Fit Atomic Coordinates to PCS data

This example shows how to calculate the region in space (also referred to as localisation space) which is likely for atomic coordinates from PCS measurements. The example uses multiple \({\Delta\chi}\)-tensors are used from different tagging sites in the protein IMP-1 to localise a tryptophan sidechain in a loop.

The script fits the \({\Delta\chi}\)-tensors to a crystal structure of IMP-1 using backbone PCS data and then samples 20 perturbed tensors using a bootstrap fitting.
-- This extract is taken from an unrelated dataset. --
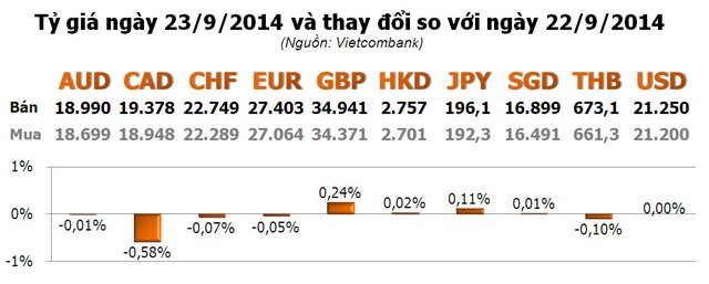 Với các ngoại tệ khác, ngoại trừ CAD giảm 0,58% và GBP tăng 0,24%, còn lại biến động không đáng kể.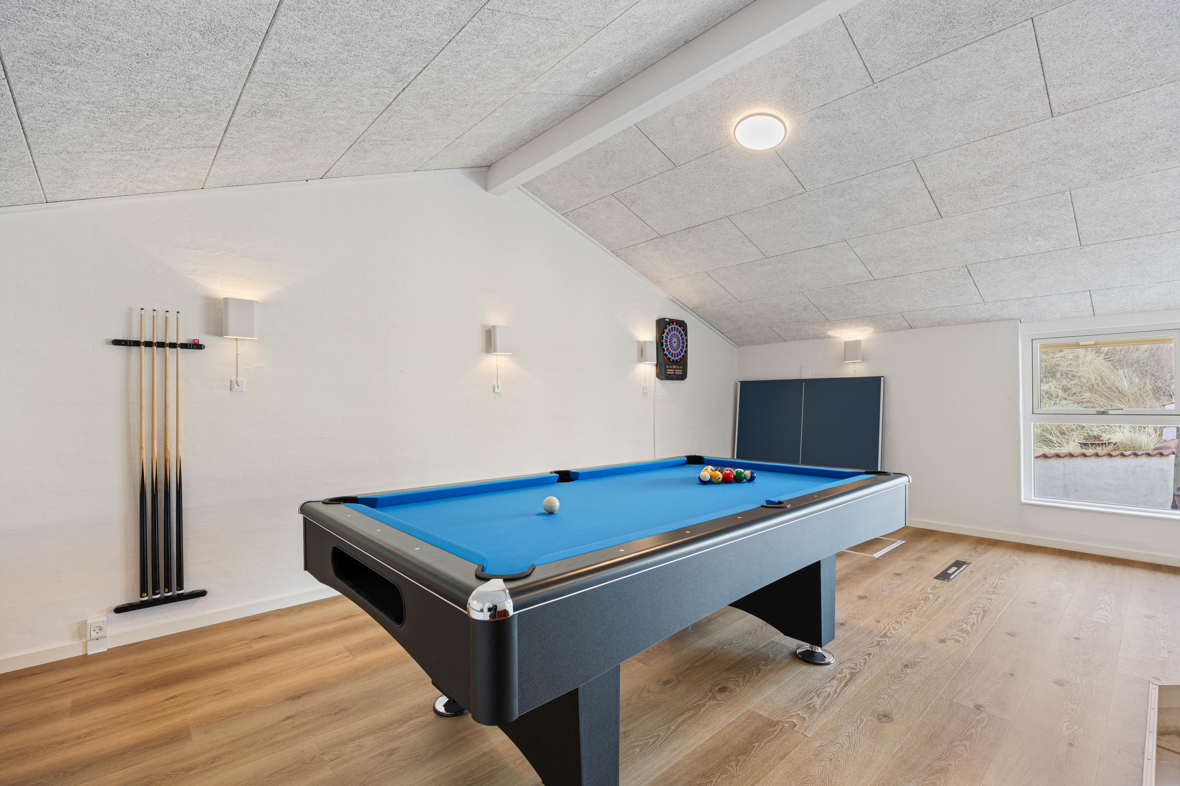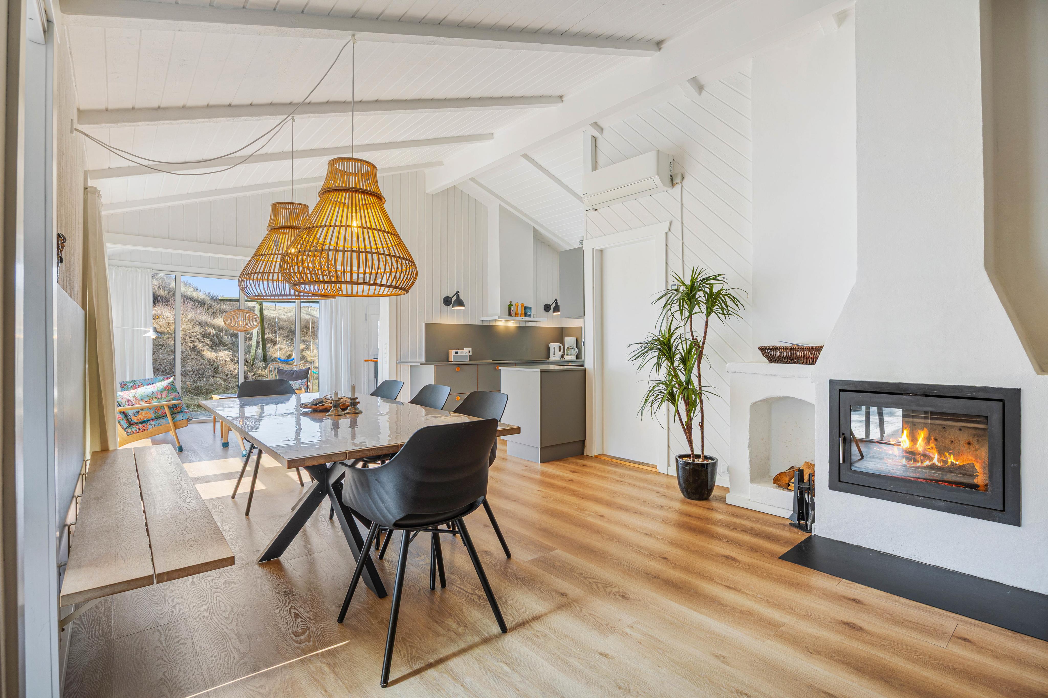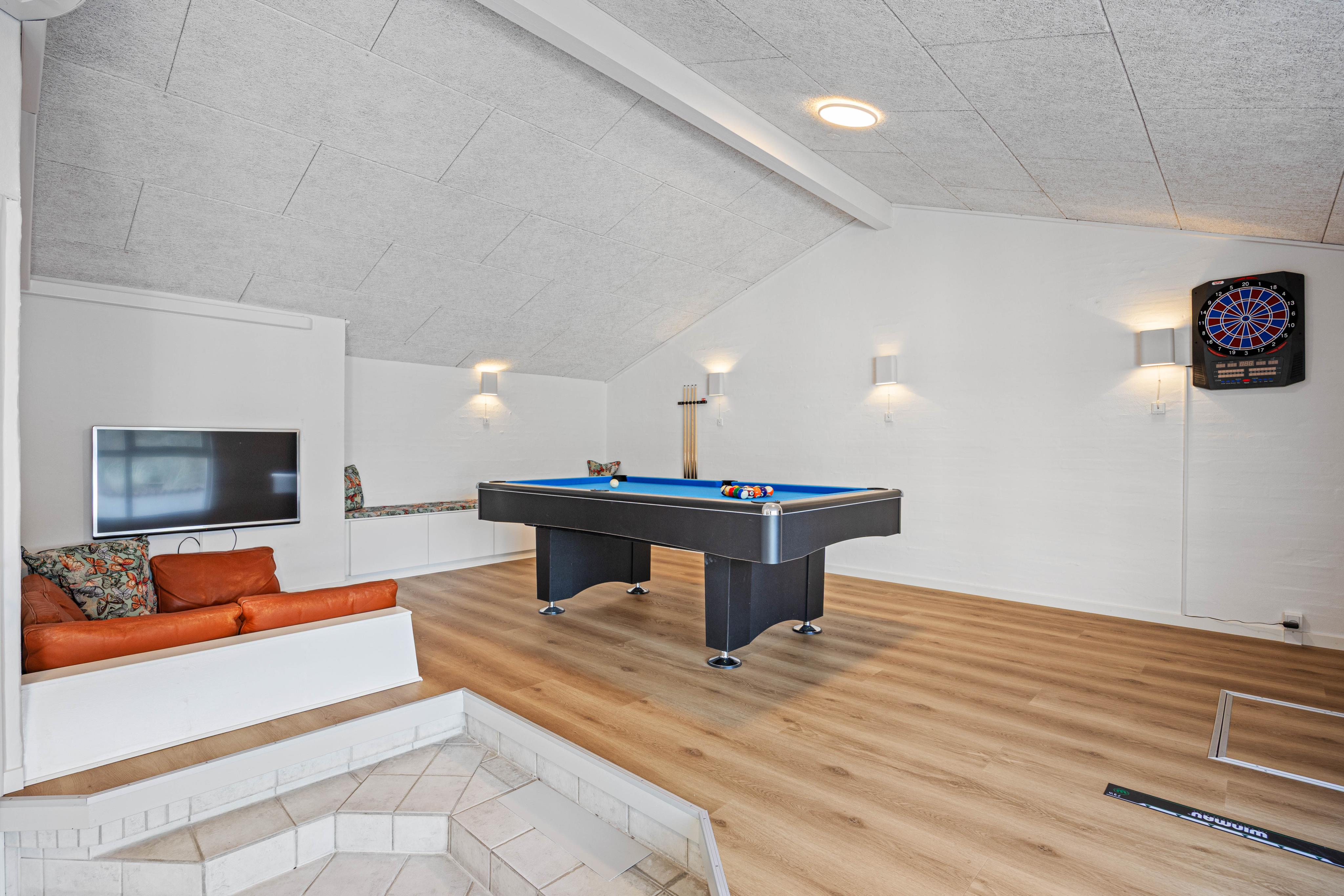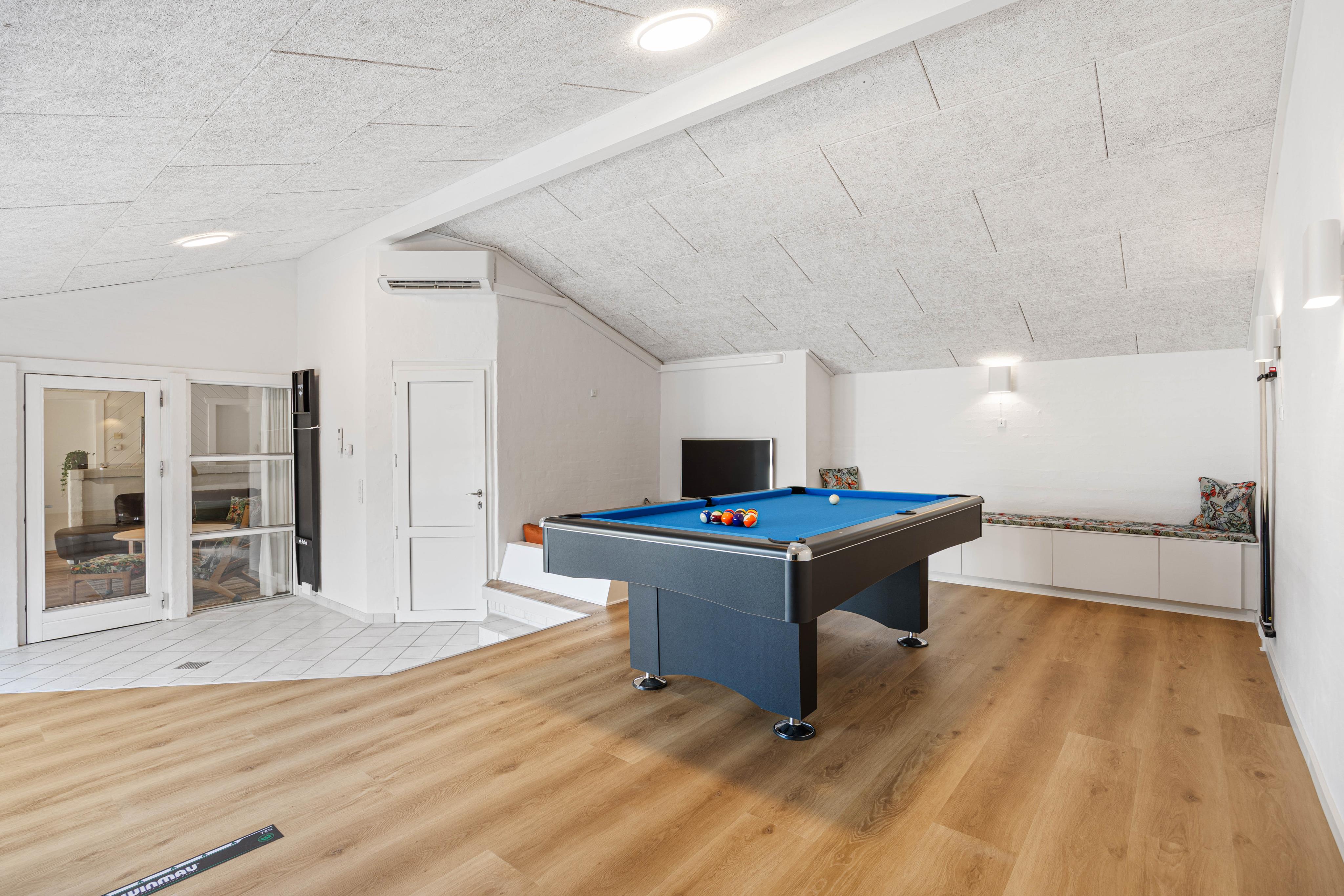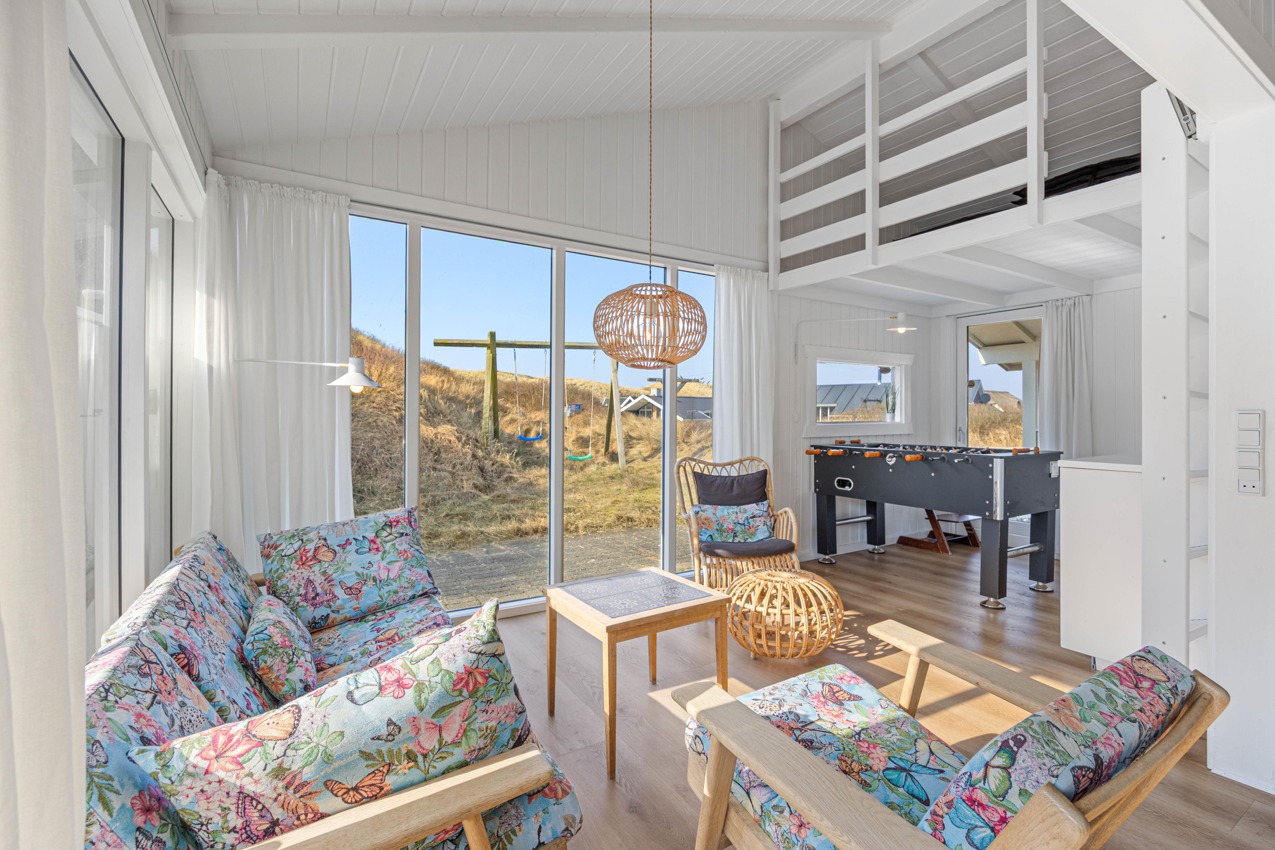 Med det samme I træder ind i dette hyggelige sommerhus, bliver I mødt af et stort og lyst opholdsrum med en smuk hvid pejs, som giver den mest fantastiske stemning til rummet. Her er højt til loftet med lyse farver og store vinduespartier, der giver et dejligt lysindfald. I opholdsrummet er der flere hygge kroge med sofaer og siddepladser, så alle kan være med. Til børnene og de legesyge voksne er der et aktivitetsrum, hvor I kan få masser af tid til at gå med spil og sjov.

The sampled tensors improve stability of the final calculation. The script then calculates the RMSD between experimental and back-calculated PCS values for nuclei in the sidechain of tryptophan at residue 28 on a grid of points. The grid, which defines the localisation space, is then viewed in PyMOL.

Downloads

  • Download the data files 5ev6AH.pdb and all IMP-1 datasets from here:

  • Download the script pcs_fit_atom.py

Script + Explanation

After importing modules from Paramagpy, the tagging sites and lanthanoid ions are specified as tuple variables. The PDB file is loaded. The atoms list contains the atoms of interest (in this case the NH and adjacent CH protons of tryptophan 28). Finally the number of bootstrap iterations are defined.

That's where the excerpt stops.